Но новая неприятность обрушилась на Менделеевых. Старший сын Иван, взятый в Москву дядей и учившийся в «благородном университетском пансионе», был исключен из него за дурное поведение. Мария Дмитриевна приняла это, как наказание, за то, что согласилась передать свою священную обязанность — воспитание сына — кому-то другому. Наказание это переносилось все же трудно, так как по Тобольску пошли сплетни, и Марии Дмитриевне приходилось выслушивать искренние и лицемерные сочувствия. Ивана вызвали в Тобольск и поместили в гимназию, которую он и окончил под наблюдением родителей.

Вообще более снисходительная к мальчикам Мария Дмитриевна всех больше баловала Митеньку: «за провинности же его доставалось «недоглядевшим» сестрам и особенно Марии Ивановне. Не раз в жестокий мороз, в открытом платьице по тогдашней моде, летела она через двор на кухню разыскивать сбежавшего от уроков Митеньку. Заставала она его обычно в кухне, сидящего на плите или на столе, болтающего ногами, с книгой в руках и «ораторствующего» среди слуг, внимательно его слушавших, но если Мария Ивановна докучала братцу просьбами уйти, то получала колотушки. Даже когда молоденькая Мария Ивановна соблазнялась просьбами братца поиграть в «учителя» (любимейшая игра Митеньки), то очень скоро оказывалась вместе с другими стоящей на коленях, потому что «учитель» был очень строг. Наконец и сам Митенька попал в руки школьного учителя: его отдали в гимназию».

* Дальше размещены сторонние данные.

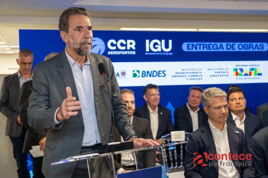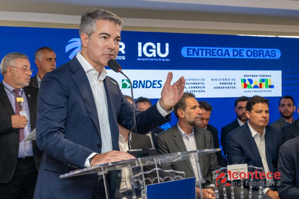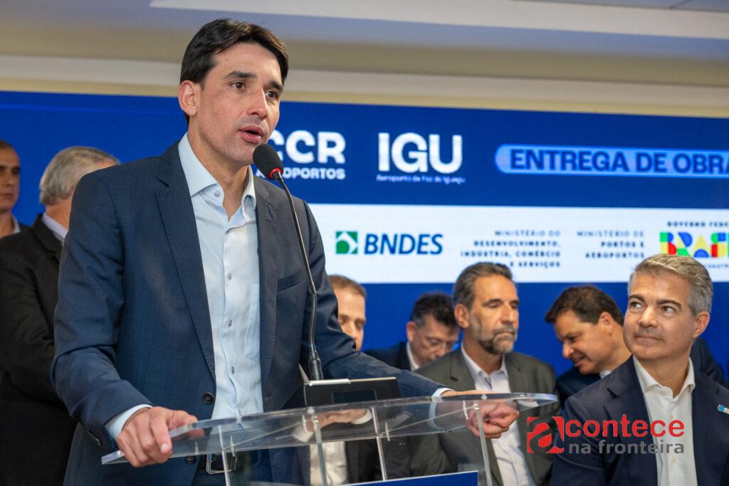 O ministro de Portos e Aeroportos, Silvio Serafim Costa Filho, participou da cerimônia de entrega das obras de ampliação e modernização do Aeroporto Internacional de Foz do Iguaçu, nesta terça-feira (21). Na ocasião, ele comentou sobre a expectativa de fortalecimento do turismo internacional na cidade, após a reforma de R$ 396 milhões que duplicou a capacidade do aeroporto de 2 milhões para 4 milhões de passageiros ao ano.

Пересаженные некогда с немецкой почвы, классические гимназии, претерпевали в России всевозможные изменения, не меняясь в основной своей установке, — гимназии оставались классическими. Это значило, что главное внимание было обращено на преподавание древних языков, латыни и греческого. Преподавание же должно было вестись в твердом соответствии с распоряжениями начальства, в духе самодержавия, православия, народности. В гимназиях практиковались телесные наказания, «моментные», «осторожные» пощечины считались делом обычным и полезным в воспитании подрастающего поколения. В эпоху Николая I гимназии представляли собою малоотрадное явление, о чем достаточно убедительно говорят одни заголовки циркуляров: «об усугублении надзора по воспитанию в учебных заведениях» или «о найме трех педелей для надзора за вольноприходящими учениками Киевской 2-й гимназии». Покорные начальству педагоги, типа Ростовцева, крепко держались сами и ученикам старались внушить правила примерно такие: «совесть нужна человеку в частном, домашнем быту, а на службе и в гражданских отношениях ее заменяет высшее начальство».